1
votes

I've migrated a quite large ANTLR2 grammar to ANTLR4, and reached a step where the output in both grammars is almost identical, apart from a few edge cases. However, some files are extremely long to get parsed (even with SLL prediction mode and BailOutStrategy), so I'm wondering how I could find which rules should be fixed first.

I've already gathered some statistics with Parser#setProfile(), but I don't know how to interpret the results in each DecisionInfo object. Is there any good documentation on how to start optimizing a large ANTLR4 grammar, and find which rabbit to chase first ?

1
If you are an IntelliJ user, you might want to use the antlr plugin: plugins.jetbrains.com/plugin/7358-antlr-v4-grammar-plugin . It has a built-in profiler.Clashsoft
I'll give this plugin another try, as the visualization for ambiguities and lookaheads looks very interesting.

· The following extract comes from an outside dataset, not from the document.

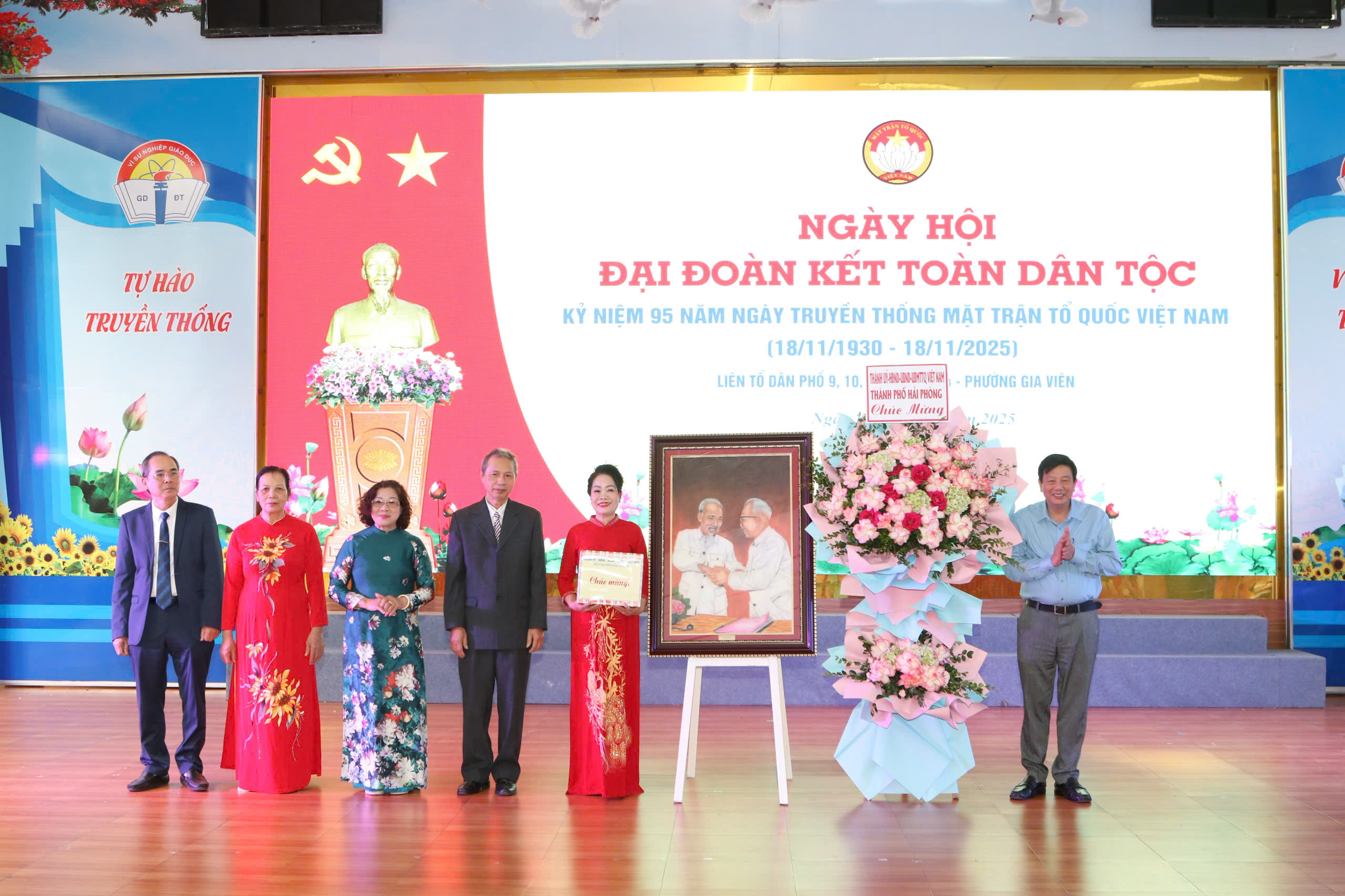 Đồng chí Trần Quang Tường, Bí thư Đảng uỷ, Chủ tịch HĐND phường Gia Viên tặng hoa chúc mừng liên Tổ dân phố Lê Lợi.Nhấn mạnh, đoàn kết là truyền thống quý báu, là nhân tố quan trọng tạo nên sức mạnh của dân tộc ta, được hun đúc trong suốt chiều dài lịch sử dựng nước và giữ nước, đồng chí Phó Chủ tịch Thường trực Ủy ban MTTQ Việt Nam thành phố đề nghị phường Gia Viên và các Tổ dân phố tiếp tục củng cố và phát huy hơn nữa khối đại đoàn kết toàn dân tộc, tăng cường gắn bó giữa Đảng, chính quyền và Nhân dân. Thực hiện tốt Quy chế dân chủ ở cơ sở, lắng nghe, tôn trọng, thường xuyên kiểm tra, giám sát, tháo gỡ khó khăn và giải quyết kịp thời tâm tư, nguyện vọng chính đáng của người dân. Xây dựng đô thị xanh - sạch - đẹp - văn minh, đẩy mạnh phân loại rác tại nguồn, giảm rác thải nhựa, khuyến khích sử dụng năng lượng tái tạo, tiết kiệm điện, bảo vệ môi trường sống tại mỗi khu dân cư. Bên cạnh đó, cần đẩy mạnh chuyển đổi số toàn diện trong đời sống xã hội; giữ vững an ninh chính trị, trật tự an toàn xã hội và lan tỏa tinh thần "lá lành đùm lá rách", không để ai bị bỏ lại phía sau.

But I had issues last time with this specific grammar where the lexer is completely separated from the parser.Gilles QUERRET
Hmm, I've used the plugin with separate lexer and parser before and I didn't notice any problems. Hope it works for you!Clashsoft

1 Answers

3
votes

As I didn't know what to look for in the DecisionInfo object, here's what I've found, and helped me improve the parse time by at least an order of magnitude.

First, I enabled profiling on the grammar with org.antlr.v4.runtime.Parser.setProfile(boolean profile), then executed the parser with org.antlr.v4.runtime.Parser.getInterpreter().setPredictionMode(PredictionMode.SLL) on thousands of files, and browsed through the rules with highest prediction time:

Arrays.stream(parser.getParseInfo().getDecisionInfo())
          .filter(decision -> decision.timeInPrediction > 100000000)
          .sorted((d1, d2) -> Long.compare(d2.timeInPrediction, d1.timeInPrediction))
          .forEach(decision -> System.out.println(
                String.format("Time: %d in %d calls - LL_Lookaheads: %d Max k: %d Ambiguities: %d Errors: %d Rule: %s",
                    decision.timeInPrediction / 1000000,
                    decision.invocations, decision.SLL_TotalLook,
                    decision.SLL_MaxLook, decision.ambiguities.size(), 
                    decision.errors.size(), Proparse.ruleNames[Proparse._ATN.getDecisionState(decision.decision).ruleIndex])))

and then on highest max lookahead by using the same lamba except:

filter(decision -> decision.SLL_MaxLook > 50).sorted((d1, d2) -> Long.compare(d2.SLL_MaxLook, d1.SLL_MaxLook))

This gave me 4 rules where most of the time was spent, and in this case that was enough to see what had to be changed (by knowing where to look for problems).